BRIEF: In the listing below, find the line with "начальное нерабочее состояние." and copy every line from there up to and including the line with "既設のアスベストのスレート屋根からガリバリウム銅板屋根へ新しくし", exactly and without pictures.

PROVIDED INFORMATION:

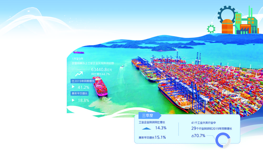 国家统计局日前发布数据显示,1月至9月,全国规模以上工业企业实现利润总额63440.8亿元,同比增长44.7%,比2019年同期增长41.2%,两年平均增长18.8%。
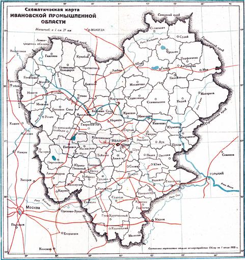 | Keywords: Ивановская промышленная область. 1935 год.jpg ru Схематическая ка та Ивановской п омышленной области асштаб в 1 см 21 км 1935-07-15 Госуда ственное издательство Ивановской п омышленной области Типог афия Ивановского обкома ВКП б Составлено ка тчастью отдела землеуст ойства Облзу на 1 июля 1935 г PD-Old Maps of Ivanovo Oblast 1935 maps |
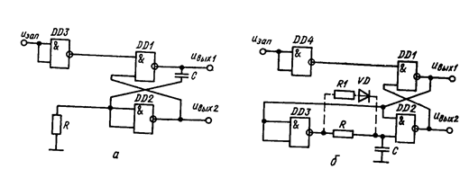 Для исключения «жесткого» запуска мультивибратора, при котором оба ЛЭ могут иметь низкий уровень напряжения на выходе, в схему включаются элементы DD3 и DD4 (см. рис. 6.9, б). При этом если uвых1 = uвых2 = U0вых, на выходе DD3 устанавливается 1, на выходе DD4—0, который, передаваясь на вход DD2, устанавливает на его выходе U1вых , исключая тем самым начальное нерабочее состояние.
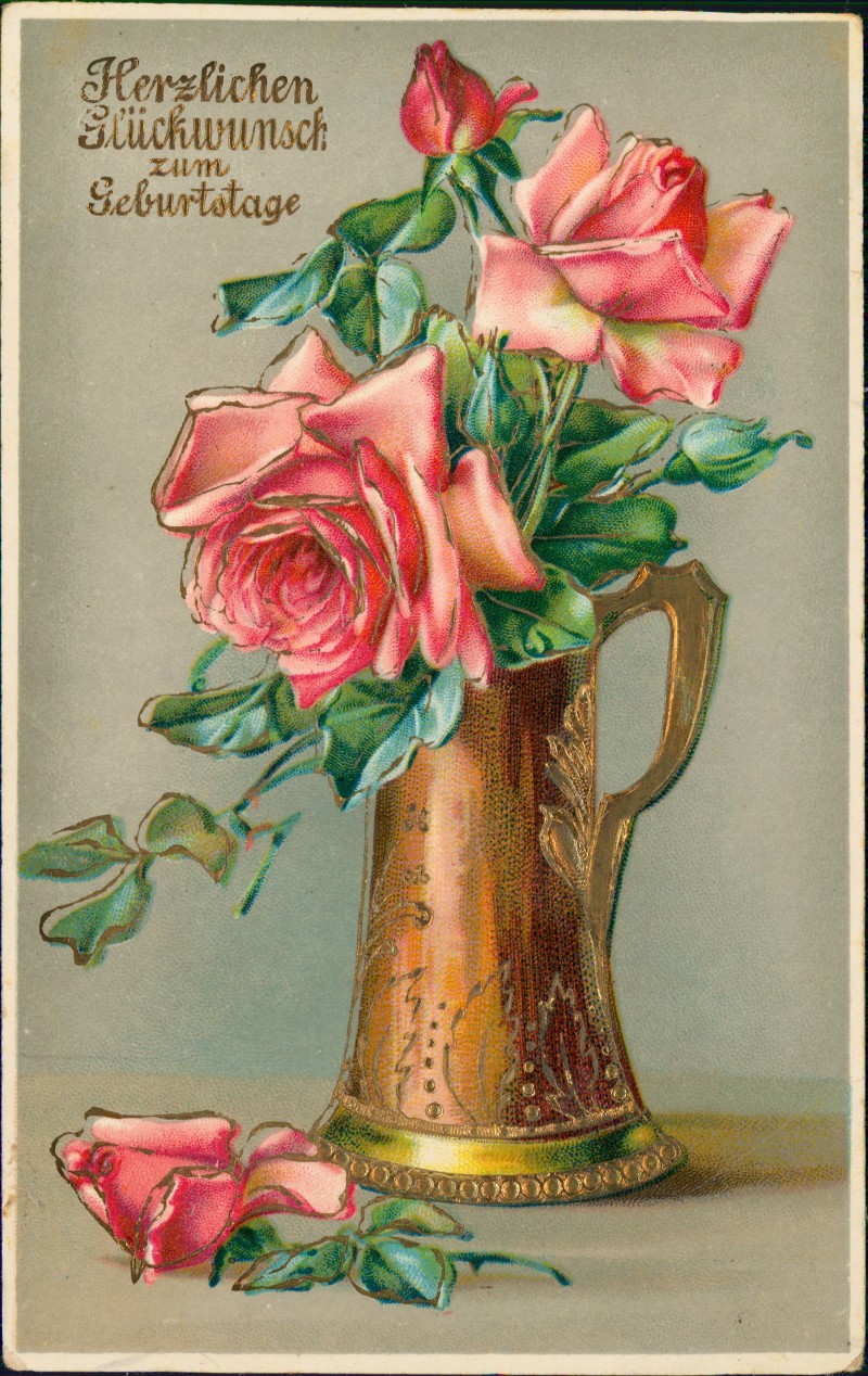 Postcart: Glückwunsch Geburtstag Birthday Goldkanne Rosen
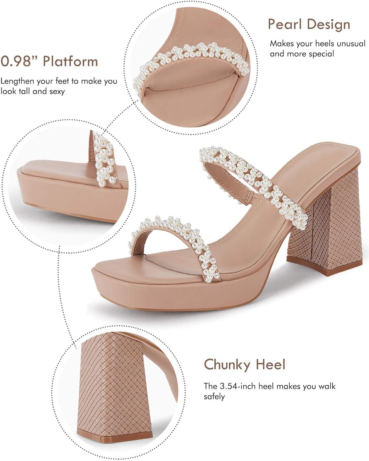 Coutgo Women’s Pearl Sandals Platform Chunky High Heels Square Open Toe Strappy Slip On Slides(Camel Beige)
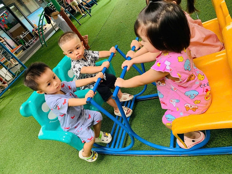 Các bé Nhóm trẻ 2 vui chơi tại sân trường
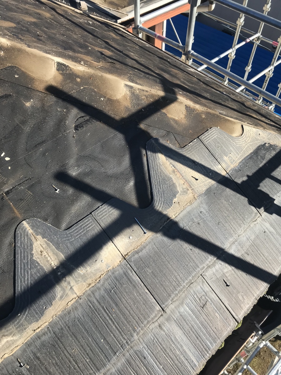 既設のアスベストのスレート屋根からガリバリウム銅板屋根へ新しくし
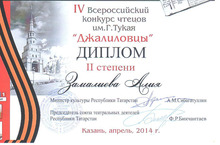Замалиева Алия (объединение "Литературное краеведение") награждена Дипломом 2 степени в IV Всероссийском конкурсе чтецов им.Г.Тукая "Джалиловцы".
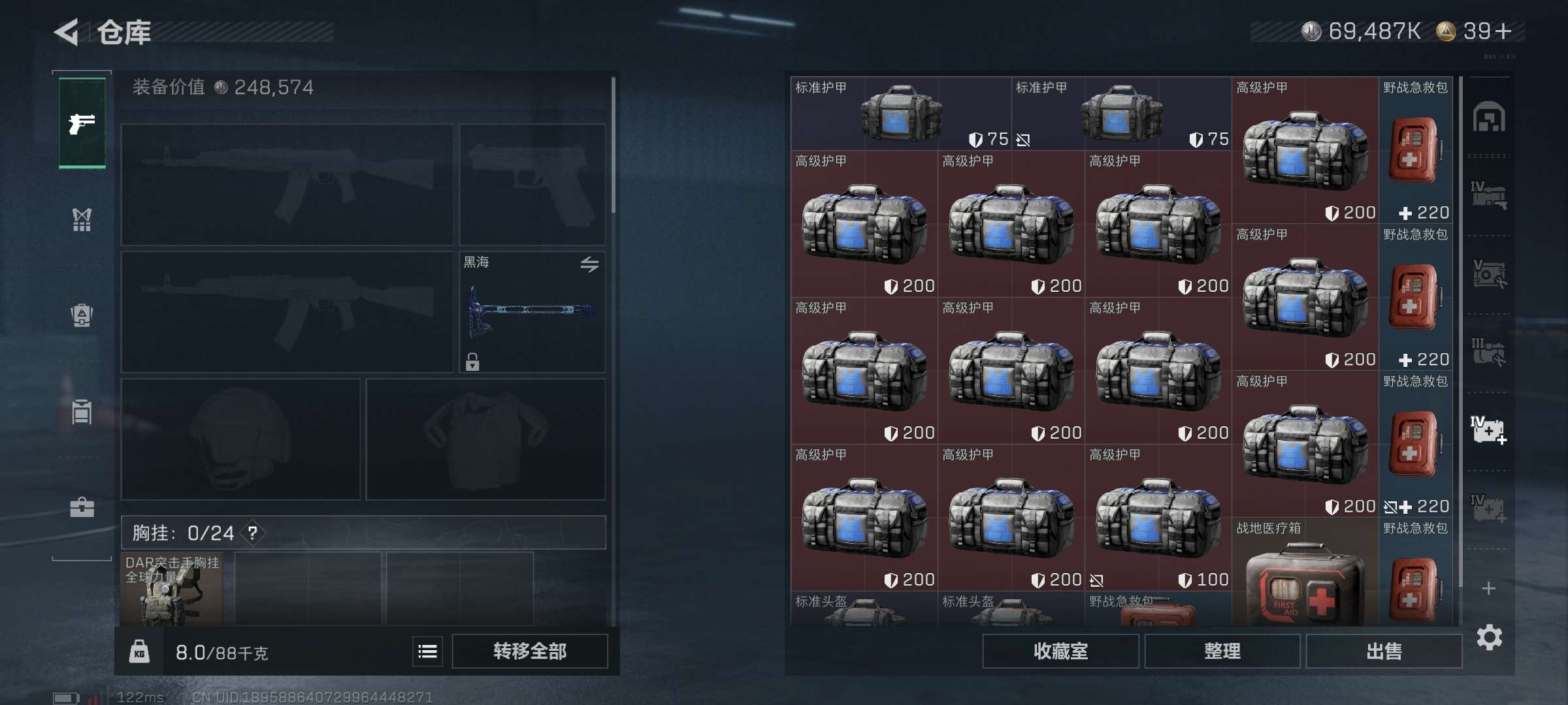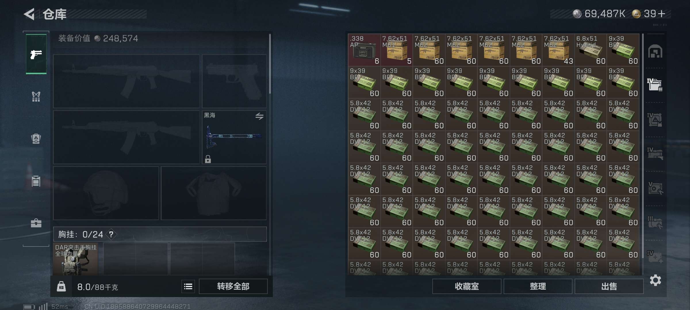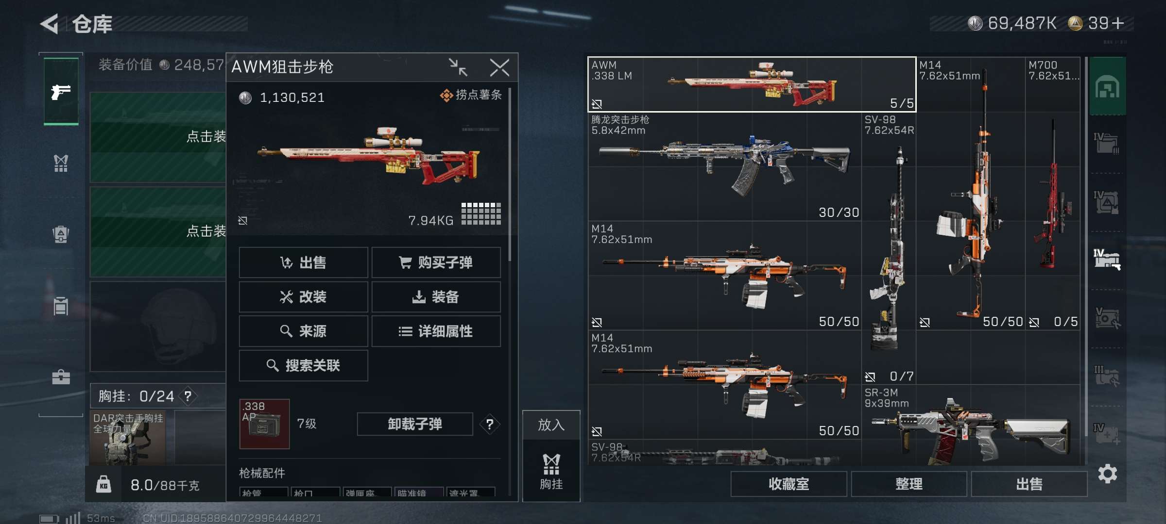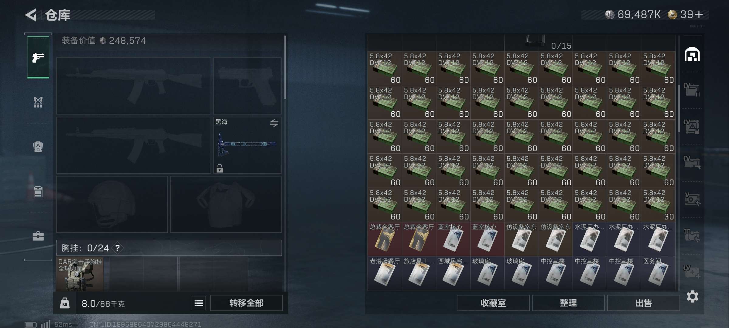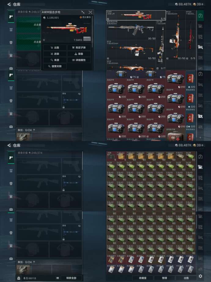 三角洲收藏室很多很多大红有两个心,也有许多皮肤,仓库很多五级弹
--
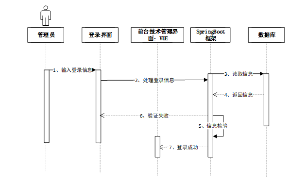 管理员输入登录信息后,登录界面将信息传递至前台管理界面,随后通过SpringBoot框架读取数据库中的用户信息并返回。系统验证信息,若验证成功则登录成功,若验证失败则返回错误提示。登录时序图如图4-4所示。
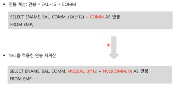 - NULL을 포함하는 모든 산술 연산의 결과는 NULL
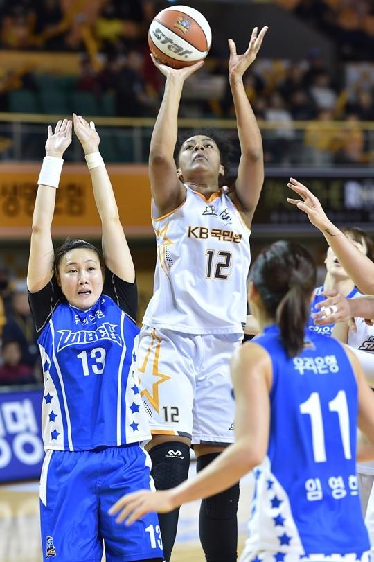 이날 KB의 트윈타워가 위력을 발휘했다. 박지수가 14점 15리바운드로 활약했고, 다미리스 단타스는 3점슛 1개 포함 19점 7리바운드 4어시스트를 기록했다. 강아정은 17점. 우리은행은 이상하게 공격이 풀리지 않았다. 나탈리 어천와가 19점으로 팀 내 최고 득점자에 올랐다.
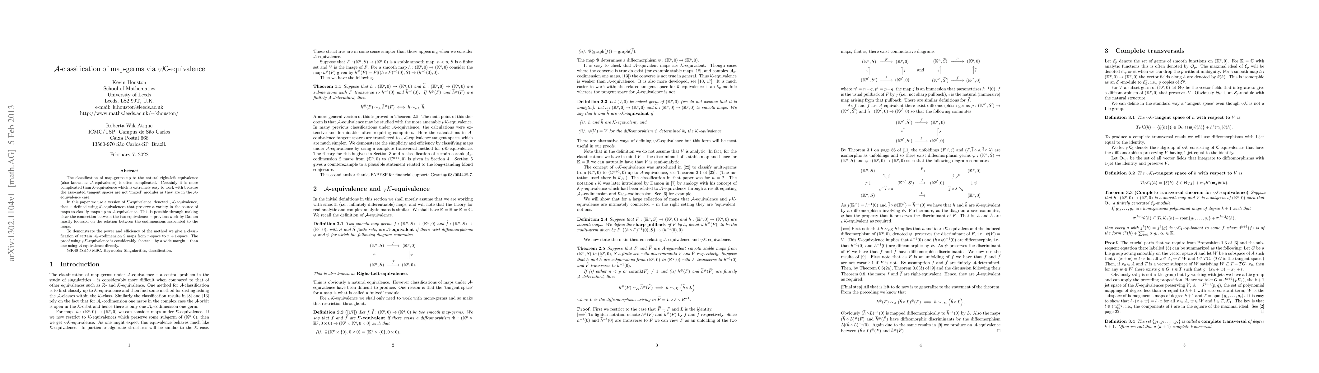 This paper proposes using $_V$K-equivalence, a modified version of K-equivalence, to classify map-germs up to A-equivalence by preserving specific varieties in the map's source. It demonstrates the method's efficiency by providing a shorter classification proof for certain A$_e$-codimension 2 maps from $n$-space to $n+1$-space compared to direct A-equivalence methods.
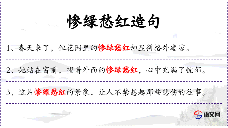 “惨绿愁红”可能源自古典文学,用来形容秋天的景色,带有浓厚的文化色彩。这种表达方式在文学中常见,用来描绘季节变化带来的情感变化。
==
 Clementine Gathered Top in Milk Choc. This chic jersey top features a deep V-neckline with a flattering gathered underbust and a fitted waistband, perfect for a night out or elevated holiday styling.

SOLUTION TO THIS TASK:
 Для исключения «жесткого» запуска мультивибратора, при котором оба ЛЭ могут иметь низкий уровень напряжения на выходе, в схему включаются элементы DD3 и DD4 (см. рис. 6.9, б). При этом если uвых1 = uвых2 = U0вых, на выходе DD3 устанавливается 1, на выходе DD4—0, который, передаваясь на вход DD2, устанавливает на его выходе U1вых , исключая тем самым начальное нерабочее состояние.
 Postcart: Glückwunsch Geburtstag Birthday Goldkanne Rosen
 Coutgo Women’s Pearl Sandals Platform Chunky High Heels Square Open Toe Strappy Slip On Slides(Camel Beige)
 Các bé Nhóm trẻ 2 vui chơi tại sân trường
 既設のアスベストのスレート屋根からガリバリウム銅板屋根へ新しくし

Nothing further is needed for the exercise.